Google llc (20240347051). Small Footprint Multi-Channel Keyword Spotting simplified abstract
Contents
Small Footprint Multi-Channel Keyword Spotting
Organization Name
Inventor(s)
Jilong Wu of Mountain View CA (US)
Yiteng Huang of Mountain View CA (US)
Small Footprint Multi-Channel Keyword Spotting - A simplified explanation of the abstract
This abstract first appeared for US patent application 20240347051 titled 'Small Footprint Multi-Channel Keyword Spotting
The abstract describes a method for detecting a hotword in a spoken utterance using a neural network and audio features from multiple channels.
- The method involves processing audio features from each channel in parallel using a neural network.

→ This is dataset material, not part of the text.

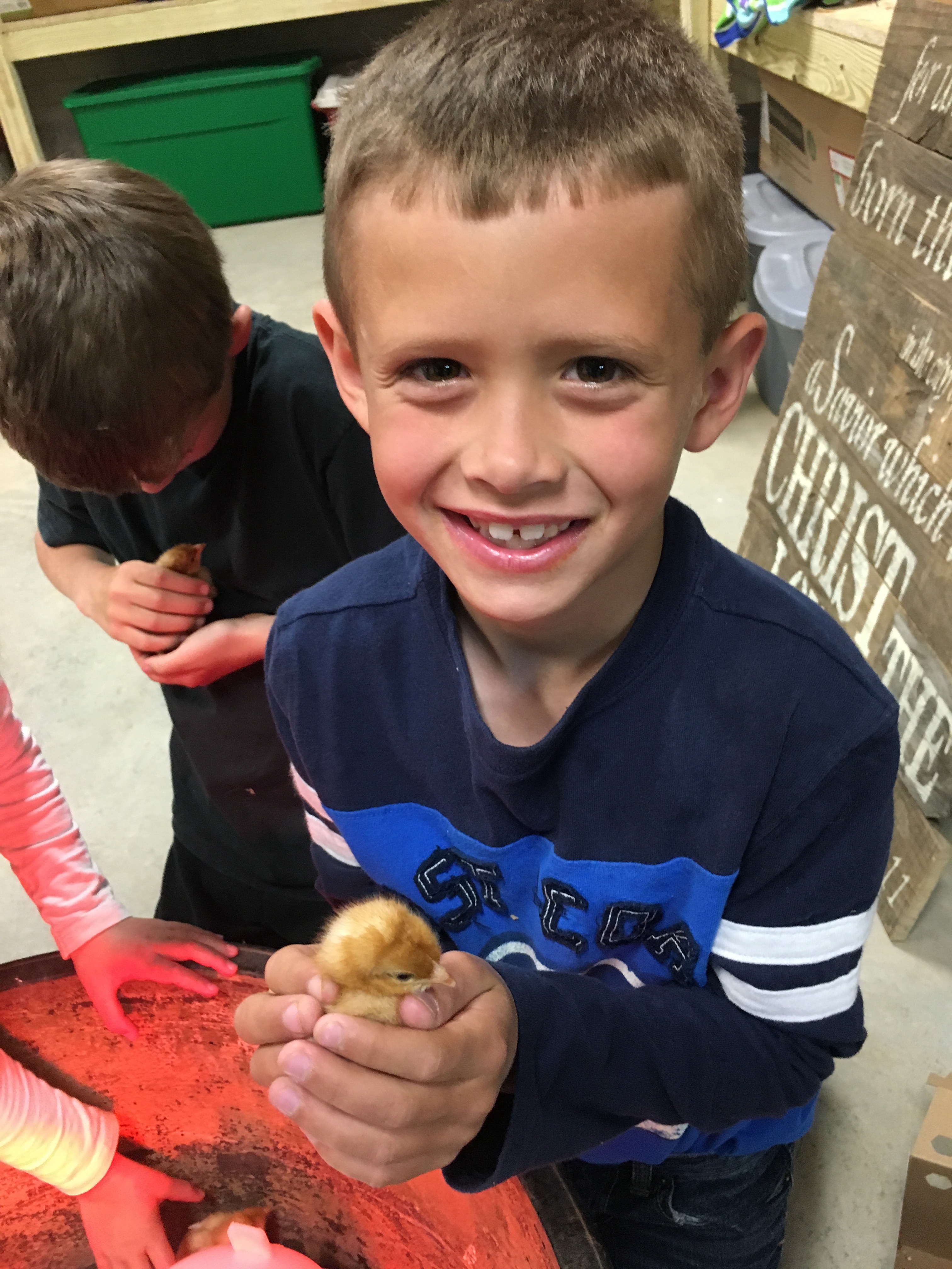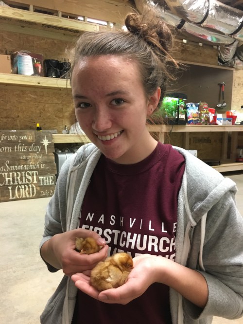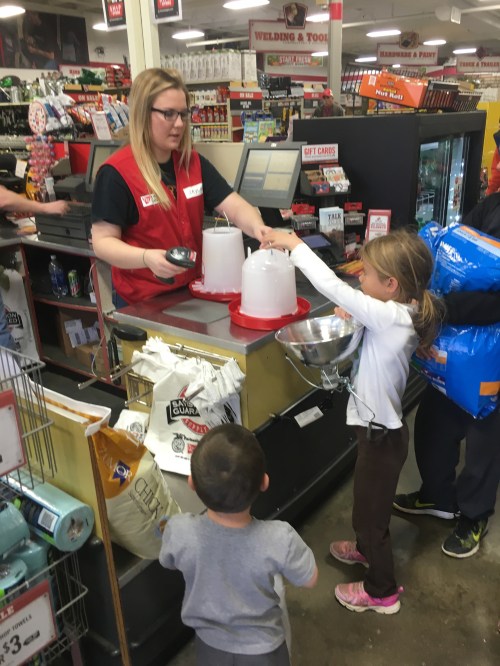 We made a trip to Tractor Supply Co and we came home with six red sexed link chicks. The kids love them and chicks are getting tons of love and attention. : )
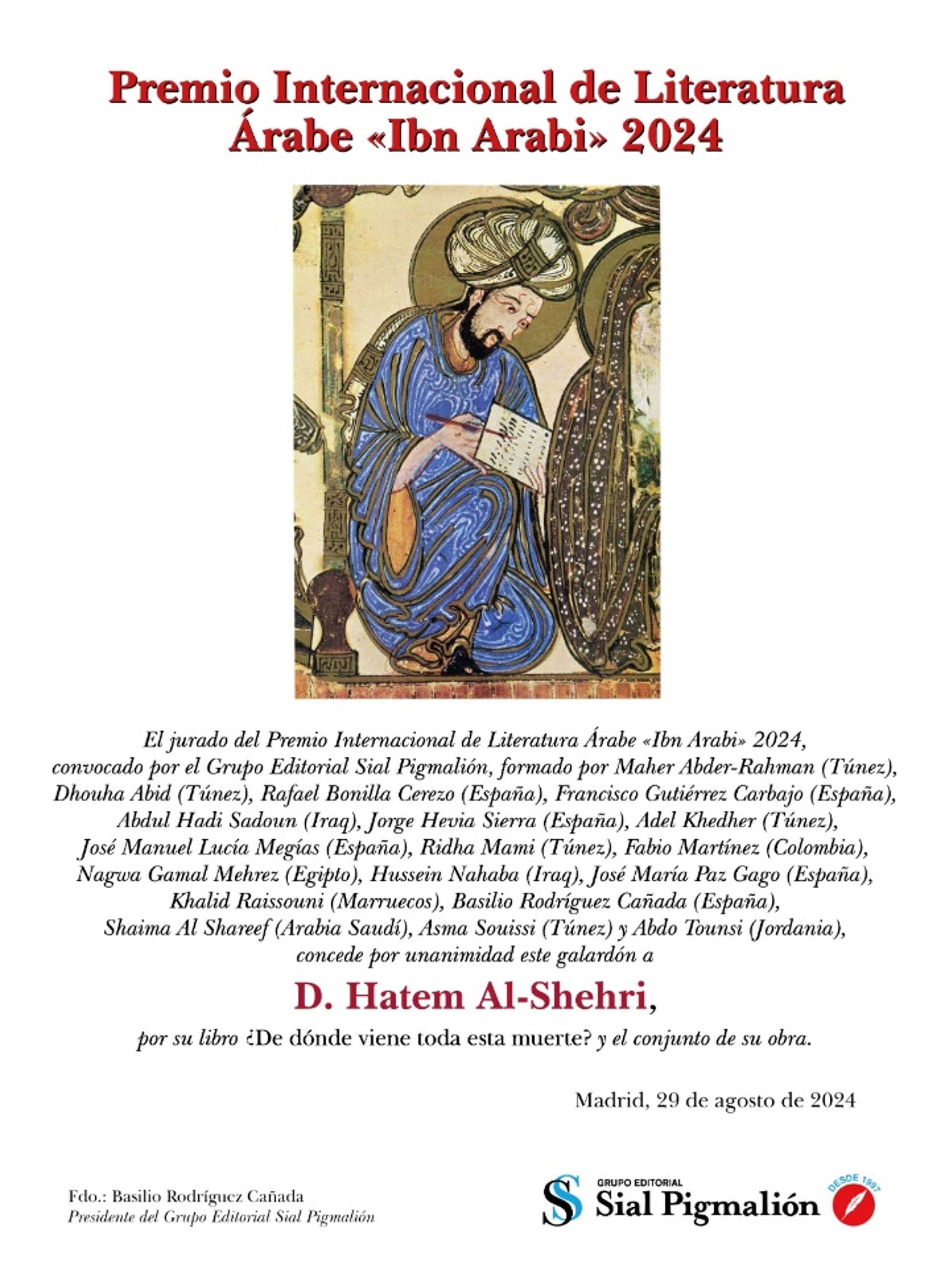 El jurado de la convocatoria del premio correspondiente a 2024 ha estado formado por Maher Abder-Rahman (Túnez), Dhouha Abid (Túnez), Rafael Bonilla Cerezo (España), Francisco Gutiérrez Carbajo (España), Abdul Hadi Sadoun (Iraq), Jorge Hevia Sierra (España), Adel Khedher (Túnez), José Manuel Lucía Megías (España), Ridha Mami (Túnez), Fabio Martínez (Colombia), Nagwa Gamal Mehrez (Egipto), Hussein Nahaba (Iraq), José María Paz Gago (España), Khalid Raissouni (Marruecos), Basilio Rodríguez Cañada (España), Shaima Al Shareef (Arabia Saudita), Asma Souissi (Túnez) y Abdo Tounsi (Jordania) concede por unanimidad este galardón a D. Hatem Al-Shehri, por su libro ¿De dónde viene toda esta muerte? y el conjunto de su obra.

- A multi-channel audio feature representation is generated based on a concatenation of the respective audio features.
- Probability scores indicating the presence of a hotword in the audio are generated using sequentially-stacked layers.
- A wake-up process is initiated on a user device when the probability score satisfies a threshold.
Potential Applications: - Voice-activated devices - Speech recognition systems - Personal assistants
Problems Solved: - Efficient detection of hotwords in multi-channel audio - Improved wake word detection accuracy
Benefits: - Enhanced user experience with voice-controlled devices - Faster response times to user commands
Commercial Applications: Title: "Advanced Hotword Detection Technology for Voice-Activated Devices" This technology can be utilized in smart speakers, virtual assistants, and other voice-controlled devices to improve accuracy and responsiveness.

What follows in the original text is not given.